5 steps to distribute the Covid vaccine more effectively by using technology

Learn from the disruptive vaccine rollout process

The distribution of the COVID-19 vaccine in the U.S. has been less than exemplary. While there has been an abundance of logistical issues, and it is easy to blame everything on the government, I am personally frustrated by the lackluster reactionary stance from the private sector on the last mile of the distribution chain. Try registering a parent on Walgreen's registration portal, and let me know how it goes.

I ran a few searches on Google for keywords such as "Walgreens vaccine COVID" but was not able to find it. I went digging through FAQ sections on the mothership's website, ran a few additional searches, one with "portal" in the name, and I finally found an unoptimized (from an SEO perspective) result with the title "Landing Page." That looked like what I needed, but the landing page did little to explain what I found. It's called an LTCF Portal. Does anyone know what LTCF means? I attempted to sign in with my parent's Walgreens account, but it didn't work. It turns out it was a portal to register "Long Term Care Facilities", so back to searching I went.

I finally found what I needed, and the website required me to set up pharmacy access, which I did. Then the form took me through a screening workflow. Instead of using rules based on my demographic data to determine eligibility, the form linked me to a 24-page long PDF. At this point, I was frustrated to the moon, and I run a technology company! What is a 70-year-old going to do?

Covid screen shot 1

Last but not least, the system allowed me to look for a day and time to get our parents vaccinated. The calendar selector, however, did not show any availability. I had to click on every single day on the calendar, only to see "no availability." The moment that availability got updated (typically at midnight) it became a race of clicking about frantically to find a spot. Some facilities reported a total of ~15 vaccinations a day until the additional staff is "certified" to carry out the vaccination.

Covid screen shot 2

You get the picture. We've had 11 months to prepare for it, and this is what we get from one of the largest and richest private sector businesses in the U.S.

Here are 5 recommended steps to reduce patient anxiety, increase throughput, and guarantee a smooth rollout of the vaccine using tech.

1. Establish a national queue

It's like we didn't learn anything from the Obamacare rollout fiasco, where state-wide insurance platforms crumbled under the volume of users like the Russian Olympic team under the scrutiny of doping allegations.

This rollout was an opportunity for both the government and private sector to step up and introduce a single, nationwide registration queue. Hell, why not use the largest identity management platform in the country? I hear a college kid built it a while ago, and you like to post your grandchildren's pictures on it.

First, you would have access to infrastructure that is already used at high volume and will not crack under pressure. Second, you lower the barrier of access because most people are already registered. Third, a single queue would provide the single source of truth in terms of access and eligibility (I'll come back to eligibility verification). You want to get fancy?

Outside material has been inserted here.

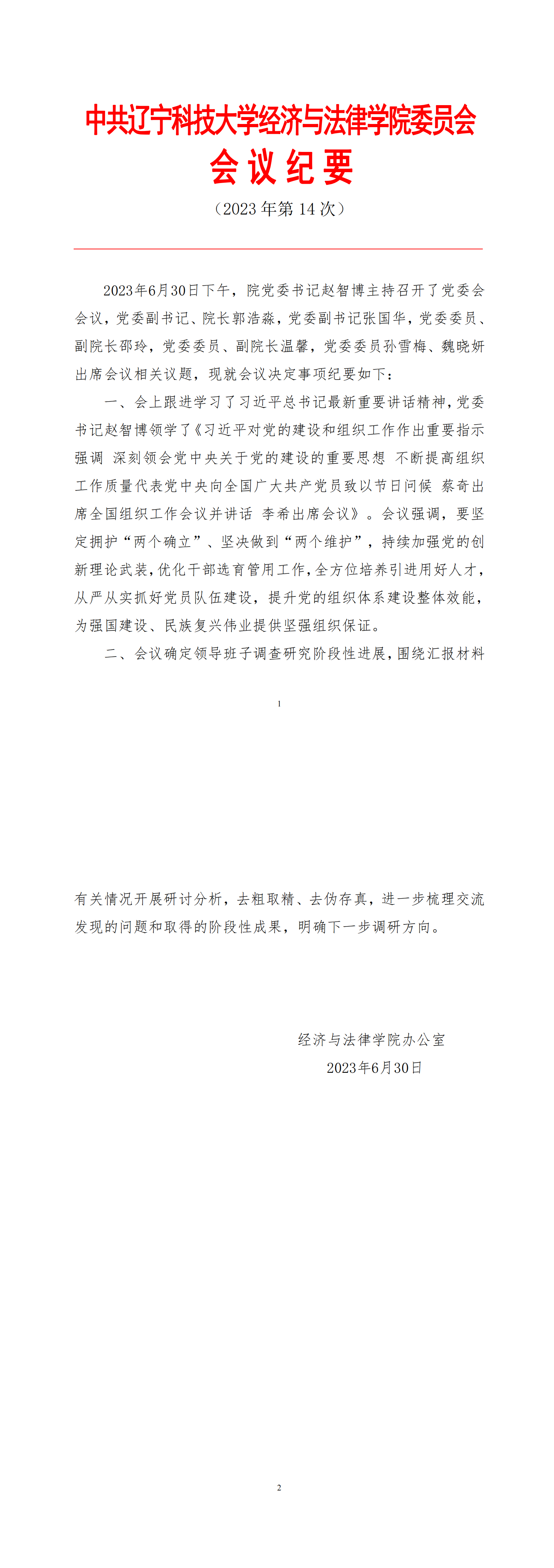 中共乐动在线-乐动(中国)经济与法律学院委员会会议纪要(2023年第14次)

We could use blockchain to track registrations, and there would literally be no way to alter the data.

Registration and Blockchain

2. Introduce multiple channels of access

For those that aren't on the social network, we could offer alternative channels of registration to the queue. We've been wrestling with automated phone systems for what seems like millennia when trying to dispute those pesky credit card charges. Even our elderly could figure out how to punch in their registration data over the phone.

Multichannel distribution

Want to go old school? Provide paper applications and scan them in automatically (banks do it all the time!). Walk-up kiosks at all major pharmacies are another channel that could use existing infrastructure and lower the barrier of entry.

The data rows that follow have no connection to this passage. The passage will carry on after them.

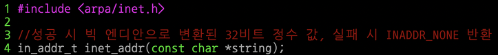 위 사진의 예제는 inet_addr 함수의 활용한 예시이다.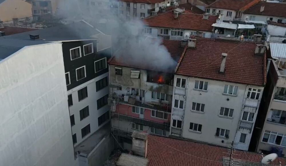 Yanan daireden alt komşusu kurtardı; yangın dronla görüntüledi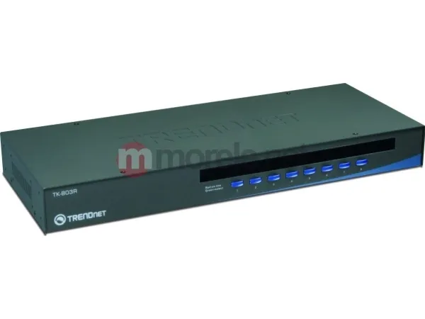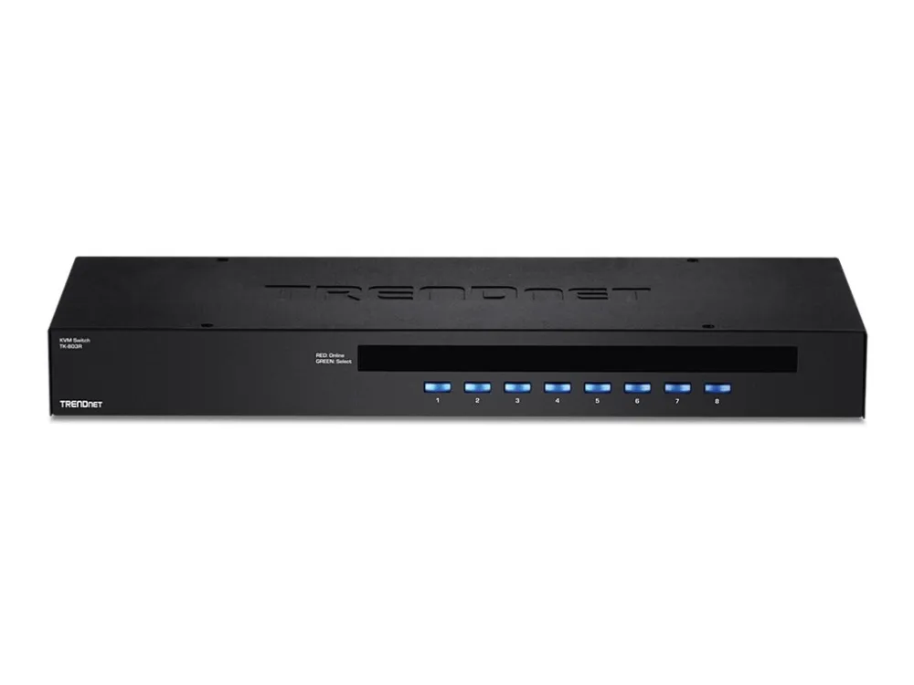 TRENDnet's 8-port rackmount VGA KVM switch, model TK-803R, lets you manage multiple computers with just one set of keyboard, monitor, and mouse. This rackmount USB KVM switch supports USB and PS/2 interface on the console side, and USB only on the PC side. Popular hardware platforms such as Windows, Linux, and Mac are supported. Users can switch between PCs using hot-key or push button for flexible management. Users can also hot-plug PCs on the fly to avoid downtime. The 8-port rackmount USB KVM switch is the perfect choice for managing multiple PCs.

3. Use a rule engine to determine eligibility

My wife mocks me for not understanding what the stages of vaccine distribution mean - 1a, 1b, 1c... How are these helpful? We, as a society, have Open-Source tools that allow you to establish an easy-to-manage rules engine. The rules can be configured based on legislative domains (e.g., states), age groups, employment categories, and the list goes on.

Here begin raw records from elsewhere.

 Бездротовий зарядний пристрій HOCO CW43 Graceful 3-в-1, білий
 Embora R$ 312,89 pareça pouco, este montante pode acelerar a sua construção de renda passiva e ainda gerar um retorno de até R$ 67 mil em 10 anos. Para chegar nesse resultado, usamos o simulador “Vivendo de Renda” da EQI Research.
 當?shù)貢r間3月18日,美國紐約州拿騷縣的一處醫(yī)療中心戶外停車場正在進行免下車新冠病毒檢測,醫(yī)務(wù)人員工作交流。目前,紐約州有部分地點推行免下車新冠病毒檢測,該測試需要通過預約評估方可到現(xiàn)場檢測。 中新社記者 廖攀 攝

Take the registration data, combine it with inventory availability, and allow the program to assign inventory to individuals based on the rules that the government determines are appropriate at any given time—stuck on a particular distribution stage? Promote people from the queue, so you don't hold up the damn train!

4. Improve the usability and accessibility of apps

There's really no excuse for the frustration and inefficiency of bad user experience on registration applications, like what you see on the Walgreens vaccine portal. We've written, presented, filmed, and posted about Product Design best practices that put the user at the center and design the software around the outcomes vs. the functionality. Want to have more people register? Design your software to help them do so!

5. Establish trust through transparency

The last thing you need when rolling out a vaccine during times of unrest is systems and processes that fail the trust of the country's citizens. Why not visualize and report registration status openly? Visualize the data based on geography, age group, vaccine inventory, vaccine distribution velocity, projected availability, and so on. Reward the private sector companies (e.g., a pharmacy network) that distribute the vaccine faster by providing them with more inventory at the federal level.

Transparency data

Executing on these programs would have taken 3-4 months and could have been in place by now if we started back in April of last year.